**YOUR OBJECTIVE:** Return each line exactly, from the one that has "- Complete Package" through the end of the entries, both ends included. Pictures do not belong.

**GIVEN DATA:**
______________________________

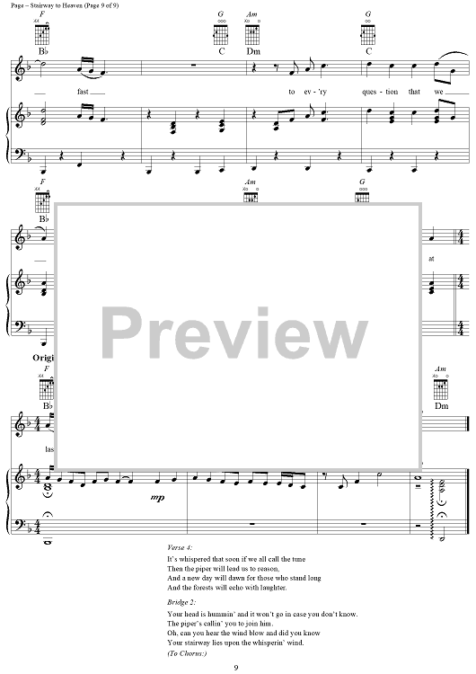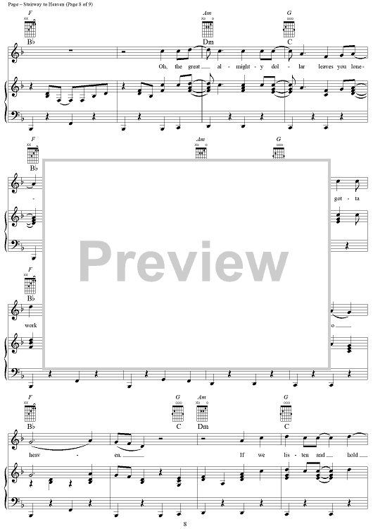 Digital Sheet Music for Stairway to Heaven by Jimmy Page, Led Zeppelin, Robert Plant, Dolly Parton scored for Piano/Vocal/Chords; id:293504
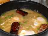 Ingredientes: 1 trozo de longaniza en adobo por persona 1 huevo por persona 1 tarro de tallos de espárragos 1 puñado de guisantes El caldo de los espárragos 2...
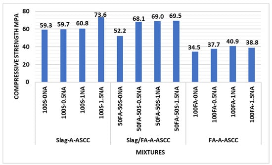 The compressive strength values and hardened performance of the A-ASCC specimens are shown in Figure 7 and Table 7. According to the results, the addition of NA had a superior influence on the compressive strength values of A-ASCC specimens. The improvement was obtained for the specimens containing 1% NA, which exhibited a 20% improvement over the mixes without NA.
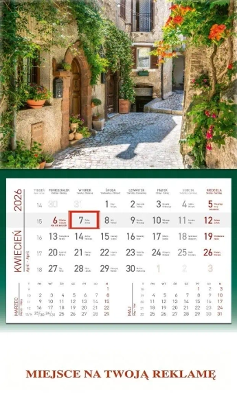 Możliwość wykonania nadruku reklamowego na dole kalendarza.
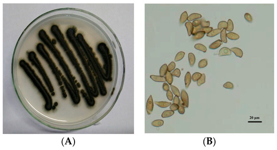 Colony growth of (A) Venturia nashicola and microscopic morphology of (B) conidia on oat agar medium (25 °C, 10 days).
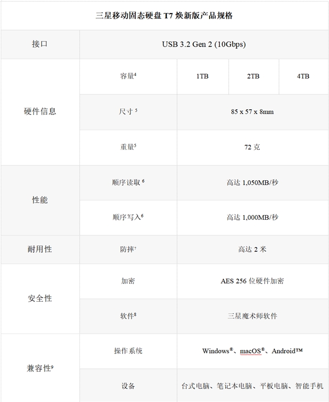 凭借负责任的设计理念、强悍的性能表现、海量存储容量及跨设备兼容性,T7焕新版让创作者在工作流程中能做出更具环保意识的选择。三星始终致力于以负责任的方式推动创新,打造兼具卓越性能与持久价值的存储解决方案。
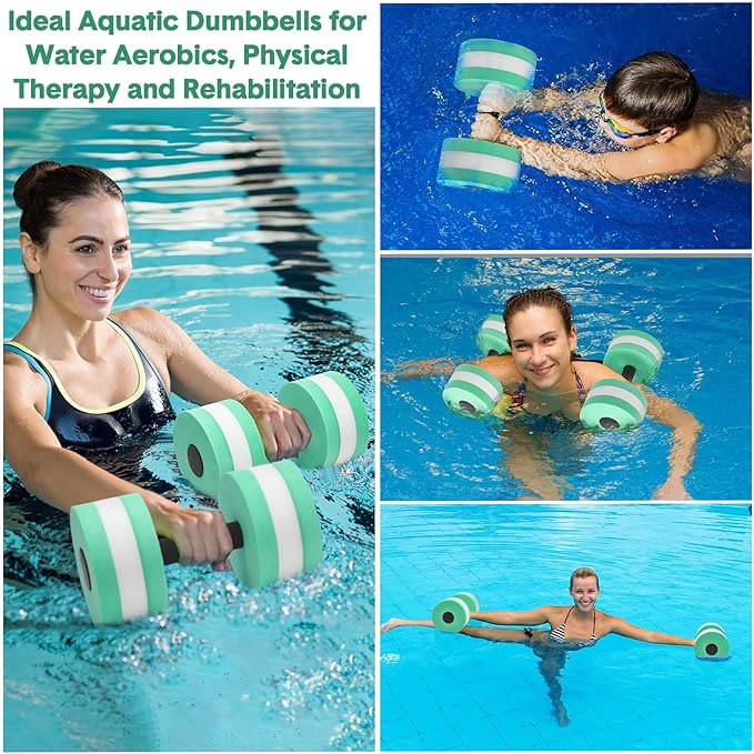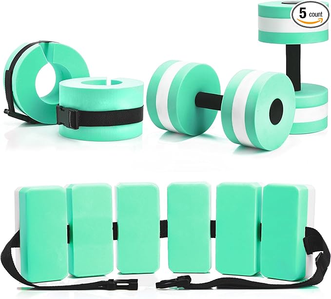 - Complete Package for Water Fitness: this water dumbbell set is a comprehensive package for your water workout regime, including 2 foam swim aquatic cuffs, 2 lightweight aquatic exercise dumbbells, and 1 swim belt, which ensures a full body workout, improving your overall fitness
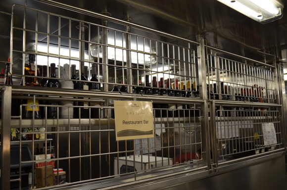 こちらのレストランでは飲みきれなかったワインボトルは、ちゃんとクルーズカードとテーブル番号を控えて、保管してあります。
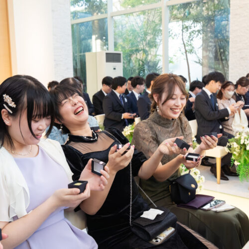 挙式前には私たちの結婚指輪を忍ばせたリングBOXを1人1個受け取ってもらい、

______________________________

**TASK OUTPUT:**
 - Complete Package for Water Fitness: this water dumbbell set is a comprehensive package for your water workout regime, including 2 foam swim aquatic cuffs, 2 lightweight aquatic exercise dumbbells, and 1 swim belt, which ensures a full body workout, improving your overall fitness
 こちらのレストランでは飲みきれなかったワインボトルは、ちゃんとクルーズカードとテーブル番号を控えて、保管してあります。
 挙式前には私たちの結婚指輪を忍ばせたリングBOXを1人1個受け取ってもらい、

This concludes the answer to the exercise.